How to calculate average seek time

hard drive

I'm reading Megatron 747 example from the book, "Database System Complete Book 2nd edition" (Example 13.2 pg.565-566). They give the following information:

  • 8 platters = 16 surfaces
  • 2^16 = 65536 tracks per surface
  • 256 sectors per track
  • 4096 bytes per sector

When they are calculating the average seek time, they do the following calculation:

1 + (65536/3)/4000 = 6.46 millisecond.

I understand that 65536 is the number of tracks as given and 1/3 is for averaging the distance, but I can't figure out why they added 1 and where they get the 4000.

Can anyone please help me out??

Best Answer

You don't even need to know anything about the topic (in fact, what you seem to know just gets you off track, this is about seek time only). Just look for all occurrences of 4000 in the description (there's just one), and a related occurrence of 1 millisecond in the same paragraph.

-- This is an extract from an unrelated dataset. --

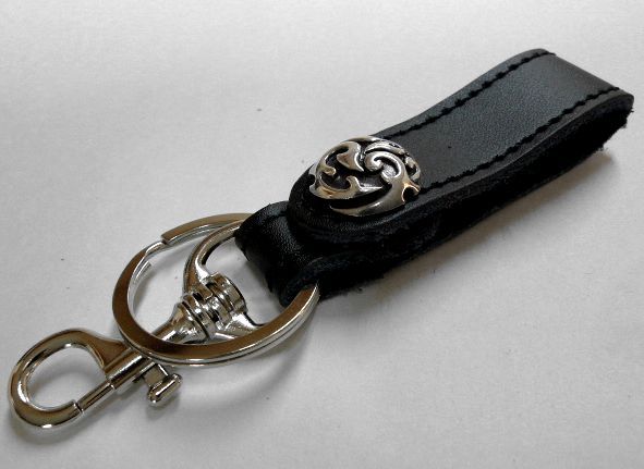 - 牛革ベルトループ キーホルダー 黒/silver925コンチョ付(トライバル柄ボタン)

Quoting Database System - The Complete Book (2nd edition), emphasis mine:

To move the head assembly between cylinders takes one millisecond to start and stop, plus one additional millisecond for every 4000 cylinders traveled. Thus, the heads move one track in 1.00025 milliseconds and move from the innermost to the outermost track, a distance of 65,536 tracks, in about 17.38 milliseconds.

Rephrasing the calculation: It takes 17.38 ms to seek from innermost to outermost cylinder. Removing the 1 ms for start/stop leaves 16.38 ms for actual movement. One third of that (moving the average distance according to the author) is 5.46. Add the 1 ms for start/stop back in, you have your answer.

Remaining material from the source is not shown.